((

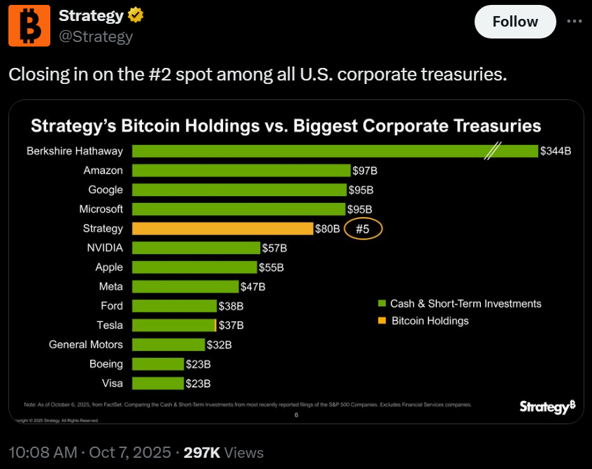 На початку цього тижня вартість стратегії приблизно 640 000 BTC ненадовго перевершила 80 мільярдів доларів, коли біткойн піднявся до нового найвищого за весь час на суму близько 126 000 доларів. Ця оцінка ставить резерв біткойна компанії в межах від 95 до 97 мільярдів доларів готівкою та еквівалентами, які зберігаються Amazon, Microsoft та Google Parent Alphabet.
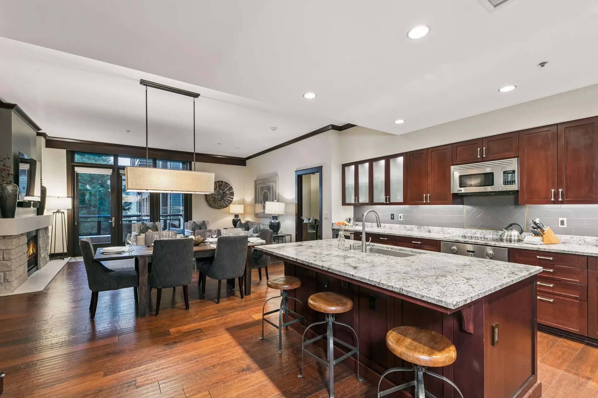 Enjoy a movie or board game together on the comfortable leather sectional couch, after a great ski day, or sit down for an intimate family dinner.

))
((

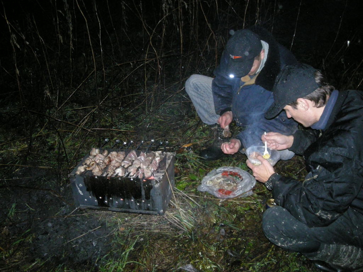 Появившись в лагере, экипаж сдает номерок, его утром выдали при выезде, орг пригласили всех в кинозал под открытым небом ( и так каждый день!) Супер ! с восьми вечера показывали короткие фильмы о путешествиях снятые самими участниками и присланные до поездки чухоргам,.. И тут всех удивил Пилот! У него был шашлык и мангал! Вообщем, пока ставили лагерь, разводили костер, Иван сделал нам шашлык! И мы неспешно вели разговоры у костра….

))

_Problem to work on_
Starting at the line above that has "На початку цього" and ending at the line that has "Enjoy a movie", copy each line exactly, leaving the pictures out and adding nothing.

_Your response_
 На початку цього тижня вартість стратегії приблизно 640 000 BTC ненадовго перевершила 80 мільярдів доларів, коли біткойн піднявся до нового найвищого за весь час на суму близько 126 000 доларів. Ця оцінка ставить резерв біткойна компанії в межах від 95 до 97 мільярдів доларів готівкою та еквівалентами, які зберігаються Amazon, Microsoft та Google Parent Alphabet.
 Enjoy a movie or board game together on the comfortable leather sectional couch, after a great ski day, or sit down for an intimate family dinner.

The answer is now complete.